В этой статье вы узнаете, как интегрировать SAP NetWeaver с идентификатором Microsoft Entra ID. Интеграция SAP NetWeaver с идентификатором Microsoft Entraver позволяет:

• Контроль того, кто имеет доступ к SAP NetWeaver в Microsoft Entra ID.
• Включите автоматический вход пользователей в SAP NetWeaver с помощью учетных записей Microsoft Entra.
• Работайте со своими учетными записями в одном центральном месте.

Предварительные условия

В сценарии, описанном в этой статье, предполагается, что у вас уже есть следующие предварительные требования:

• Учетная запись пользователя Microsoft Entra с активной подпиской. Если у вас еще нет учетной записи, вы можете создать учетную запись бесплатно.
• Одна из следующих ролей:
  • Администратор приложений
  • администратор облачных приложений
  • Владелец приложения.

• подписка на SAP NetWeaver с поддержкой единого входа;
• SAP NetWeaver версии 7.20 или более поздней версии

Описание сценария

• SAP NetWeaver поддерживает как SAML (SSO, инициированный поставщиком услуг), так и OAuth. В этой статье описана настройка и проверка единого входа Microsoft Entra в тестовой среде.

Примечание.

Идентификатор этого приложения — фиксированное строковое значение, поэтому в одном клиенте можно настроить только один экземпляр.

Примечание.

Настройте для приложения режим SAML или OAuth согласно требованиям вашей организации.

Добавление SAP NetWeaver из галереи

Чтобы настроить интеграцию SAP NetWeaver с идентификатором Microsoft Entra ID, необходимо добавить SAP NetWeaver из коллекции в список управляемых приложений SaaS.

1. Войдите в административный центр Microsoft Entra как минимум как Администратор облачных приложений.
2. Перейдите к Identity>Applications>Enterprise applications>New application.
3. В разделе Добавление из коллекции в поле поиска введите SAP NetWeaver.
4. Выберите SAP NetWeaver в области результатов и добавьте это приложение.
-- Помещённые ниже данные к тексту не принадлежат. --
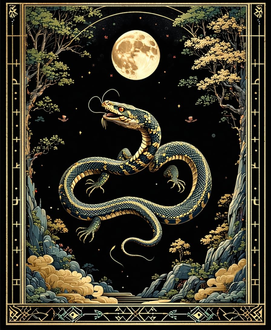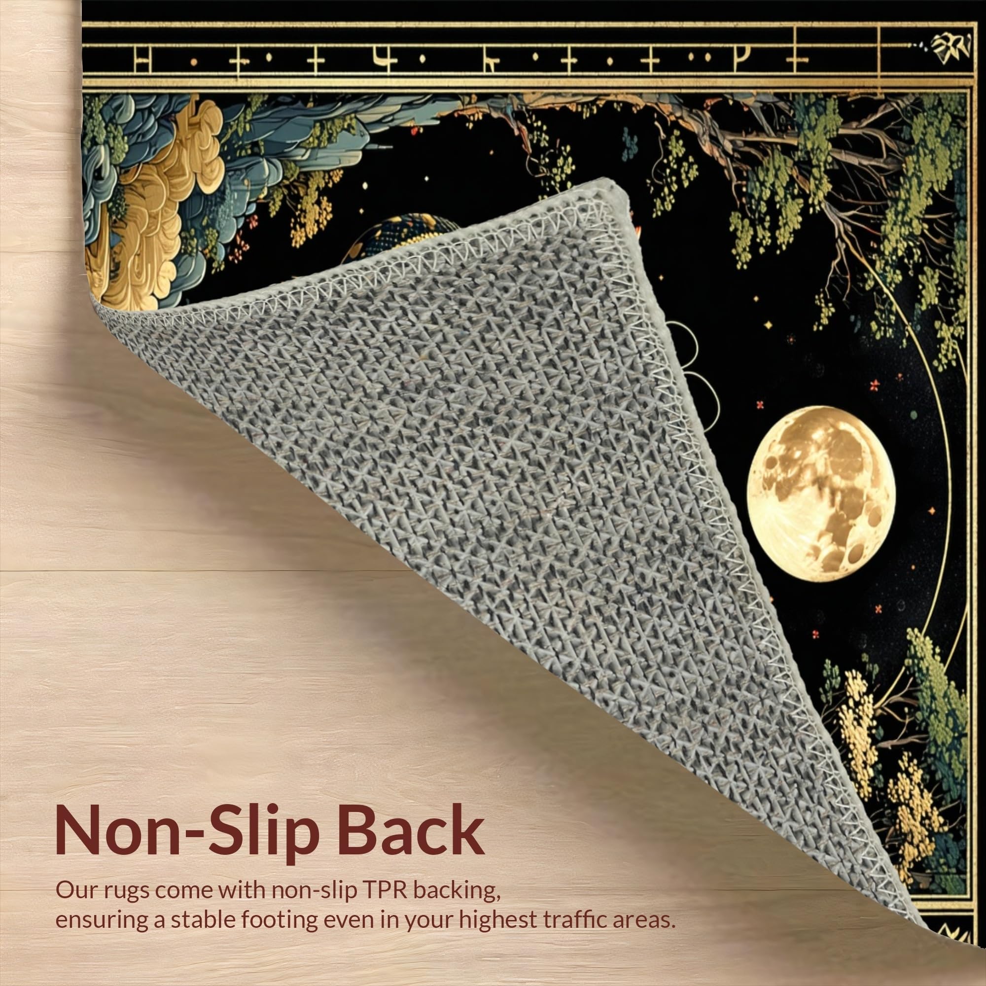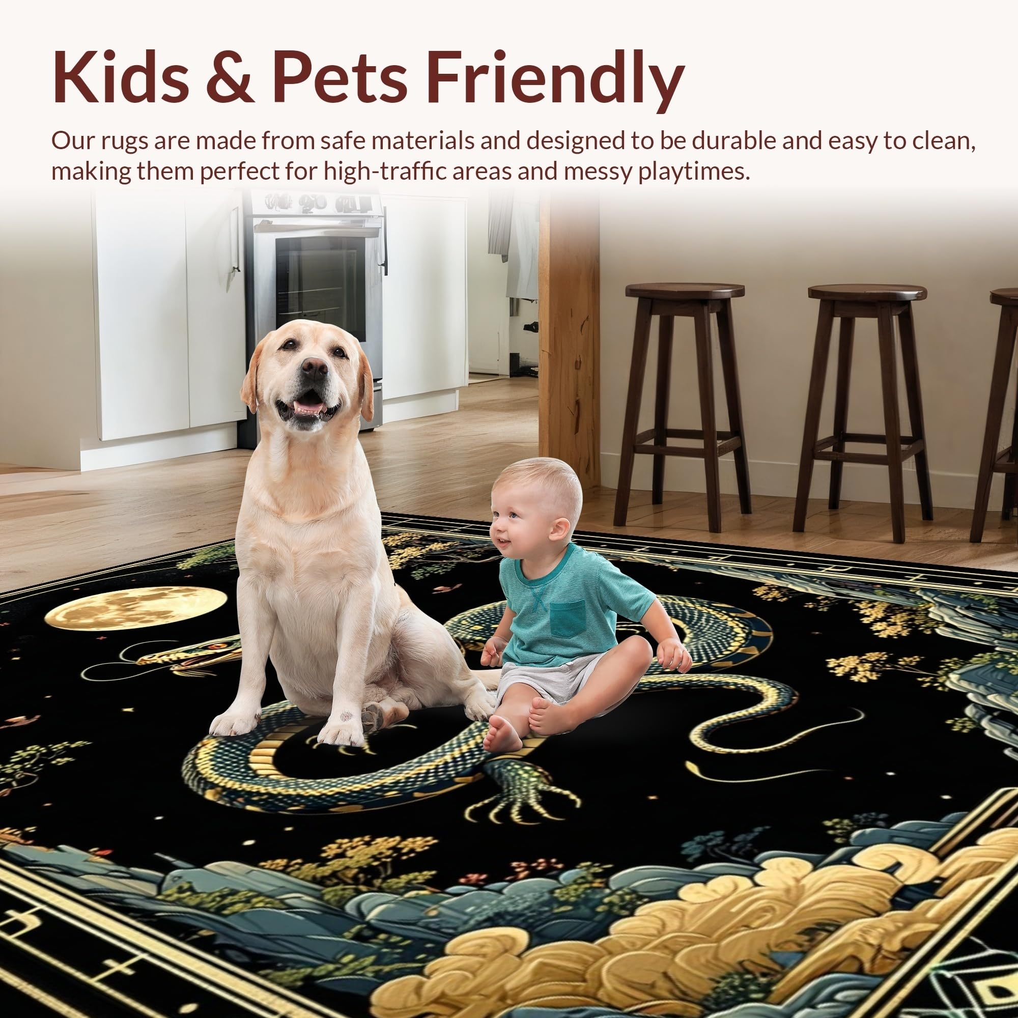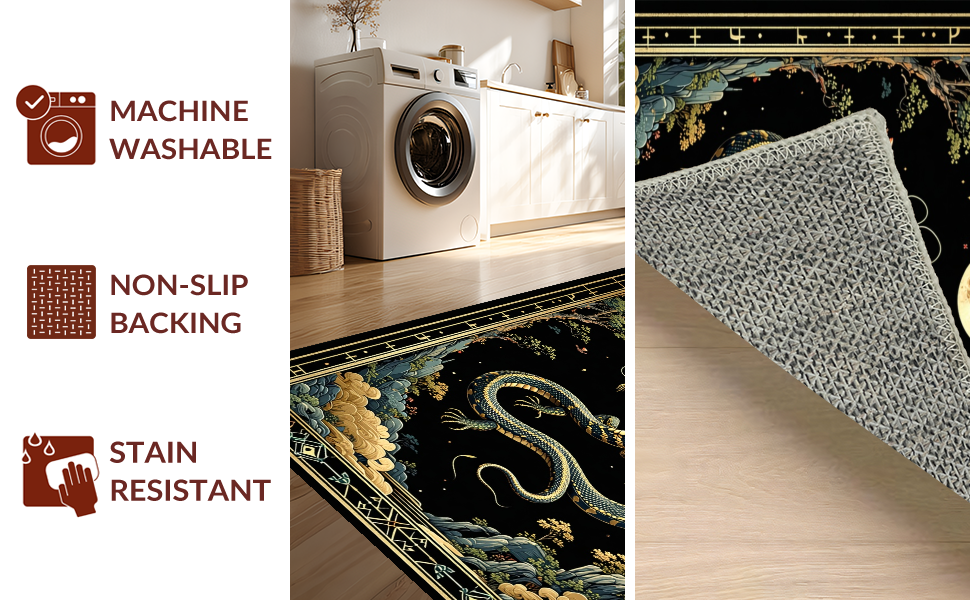 Ultra Soft Area Rug, Non Slip, Stain Resistant, Washable Area Rugs for Living Room, Bedroom, Chic Witchy Serpent Illustration(Black) Overview:

Подождите несколько секунд, пока приложение добавляется в вашего арендатора.

Кроме того, можно также использовать мастер конфигурации корпоративных приложений. В этом мастере настройки вы можете добавить приложение в домен клиента, добавить пользователей и группы в приложение, назначить роли и также выполнить настройку единой аутентификации (SSO). Подробнее о мастерах Microsoft 365.

Настройка и проверка единого входа Microsoft Entra для SAP NetWeaver

Настройте и проверьте единый вход Microsoft Entra в SAP NetWeaver с помощью тестового пользователя B.Simon. Для работы SSO необходимо установить связь между пользователем Microsoft Entra и соответствующим пользователем в SAP NetWeaver.

Чтобы настроить и проверить единый вход Microsoft Entra в SAP NetWeaver, выполните следующие действия.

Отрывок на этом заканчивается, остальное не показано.